DESCRIPTION OF THE TASK: Return all of the data that follows precisely, leaving every image out.

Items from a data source
######

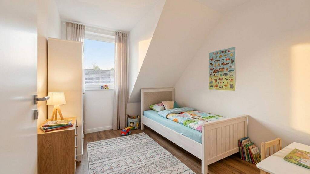 Das Haus verfügt über vier geräumige Zimmer, darunter drei komfortable Schlafzimmer und ein elegantes Badezimmer sowie weitere Fläche im Dachgeschoss, die zum Beispiel zum Arbeiten genutzt werden kann.
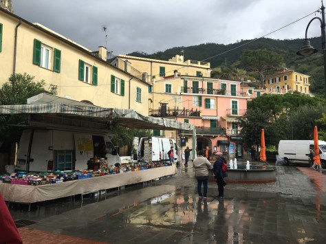 We travel to Monterosso the fifth town and furthest from La Spezia and arrive with a rain shower. Over the next hour we have sunshine and another shower.
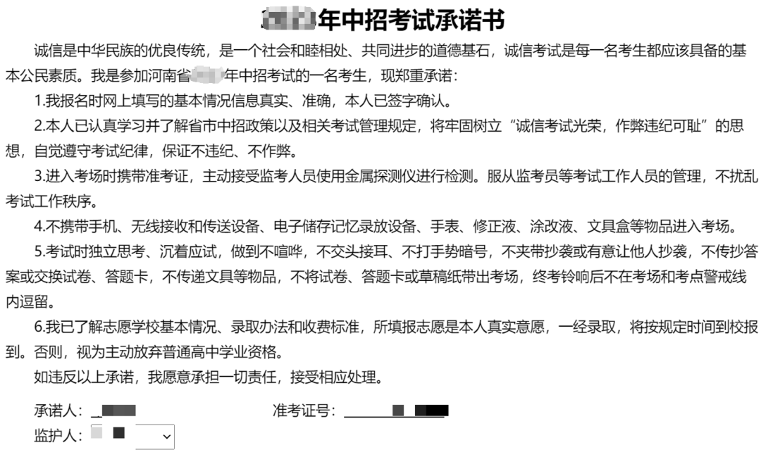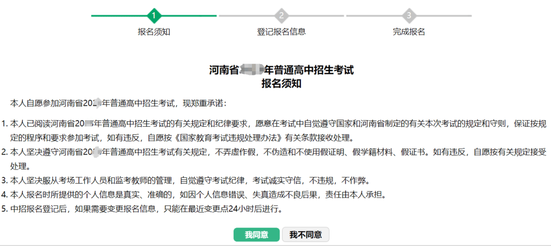 请考生认真阅读承诺书,如接受承诺书条款,点击“我同意”进入下一步。否则点击“我不同意”放弃本次中考报名。
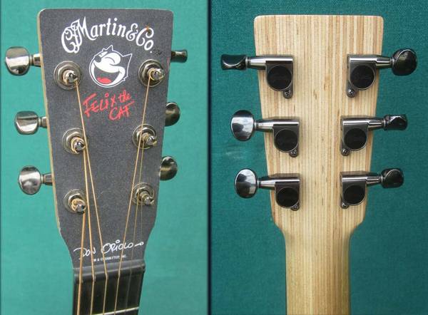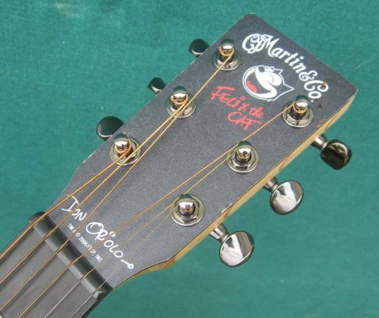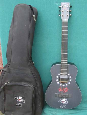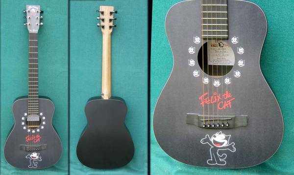 Limited production CF Martin Felix limited edition collector series featuring artwork by Don Oriolo. Includes original Felix the Cat custom padded gig bag with Felix embroidery in clean condition....label signed by CF Martin IV and Don Ariolo ..excellent condition – clean with minimal, negligible play wear. Quoting from an online listing for another one like this on Reverb "The size of this instrument may limit it to being viewed as simply a nice travel, couch play or child’s starter guitar. Well it is, but much more. Ed Sheeran has certainly done well bringing Little Martin guitars to the big stage! Martin’s proprietary technology (HPL back & sides, Stratabond neck) not only renders ruggedness, but also greater resilience to environmental conditions which take traditional stringed instruments out of tune. "
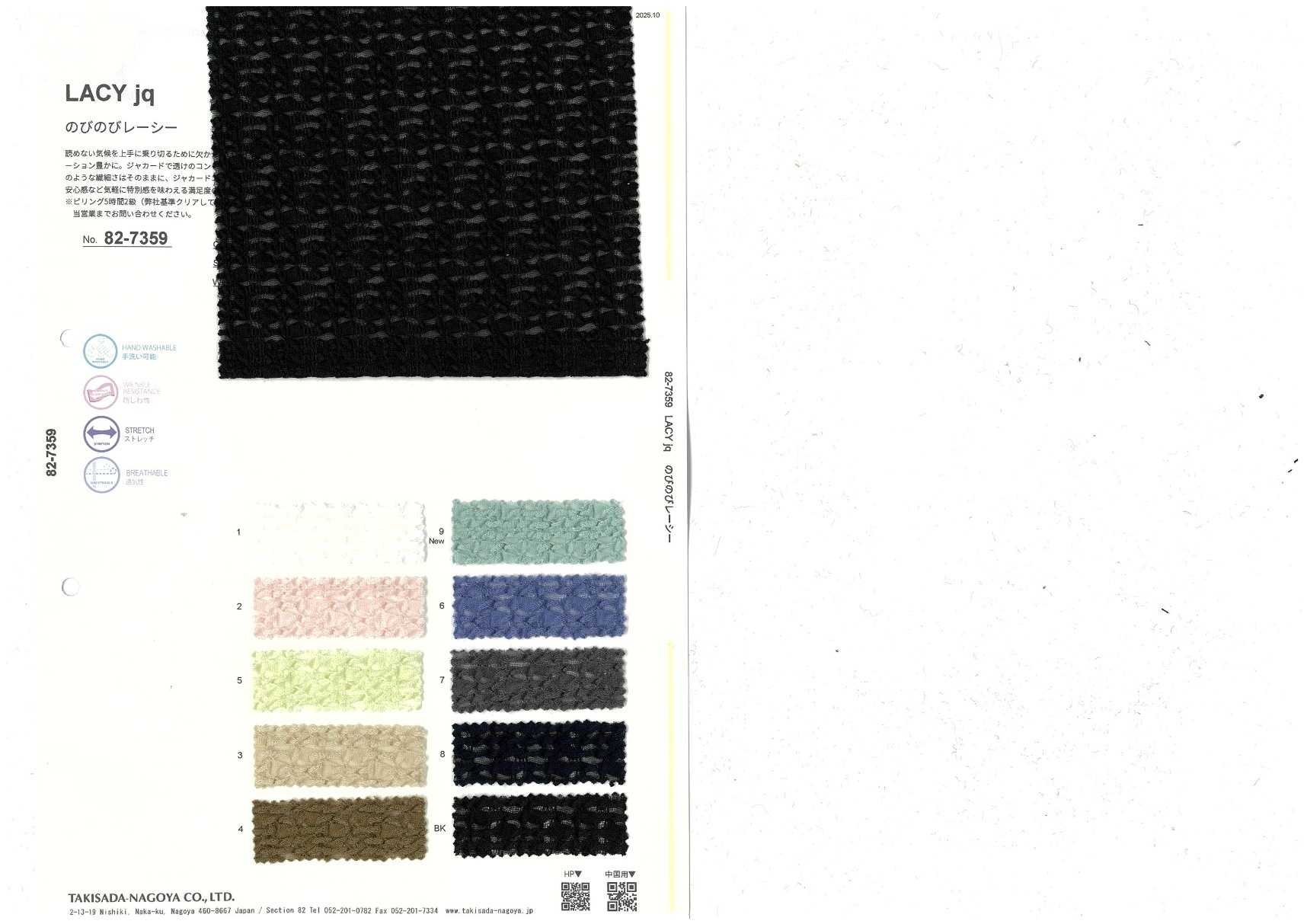 LACY jq 添加到收藏夹中 82-7359 面料、混率 Polyester 72% Rayon 25% Polyurethane 3% 规格、尺寸 130cm x 50m 2025.10 放大的图像 色彩多样的放大图像 可持续的 回收 动物保护 可手洗 保温性能 接触冷感 吸汗速干 抗紫外线 抗皱 四门弹 防透光 抗沷水 日本产 意大利产 防风 抗菌防臭 抗病毒 吸湿发热 抗静电 除臭 抗起球 高弹性 吸光发热

######

EXERCISE SOLUTION:
 Das Haus verfügt über vier geräumige Zimmer, darunter drei komfortable Schlafzimmer und ein elegantes Badezimmer sowie weitere Fläche im Dachgeschoss, die zum Beispiel zum Arbeiten genutzt werden kann.
 We travel to Monterosso the fifth town and furthest from La Spezia and arrive with a rain shower. Over the next hour we have sunshine and another shower.
 请考生认真阅读承诺书,如接受承诺书条款,点击“我同意”进入下一步。否则点击“我不同意”放弃本次中考报名。
 Limited production CF Martin Felix limited edition collector series featuring artwork by Don Oriolo. Includes original Felix the Cat custom padded gig bag with Felix embroidery in clean condition....label signed by CF Martin IV and Don Ariolo ..excellent condition – clean with minimal, negligible play wear. Quoting from an online listing for another one like this on Reverb "The size of this instrument may limit it to being viewed as simply a nice travel, couch play or child’s starter guitar. Well it is, but much more. Ed Sheeran has certainly done well bringing Little Martin guitars to the big stage! Martin’s proprietary technology (HPL back & sides, Stratabond neck) not only renders ruggedness, but also greater resilience to environmental conditions which take traditional stringed instruments out of tune. "
 LACY jq 添加到收藏夹中 82-7359 面料、混率 Polyester 72% Rayon 25% Polyurethane 3% 规格、尺寸 130cm x 50m 2025.10 放大的图像 色彩多样的放大图像 可持续的 回收 动物保护 可手洗 保温性能 接触冷感 吸汗速干 抗紫外线 抗皱 四门弹 防透光 抗沷水 日本产 意大利产 防风 抗菌防臭 抗病毒 吸湿发热 抗静电 除臭 抗起球 高弹性 吸光发热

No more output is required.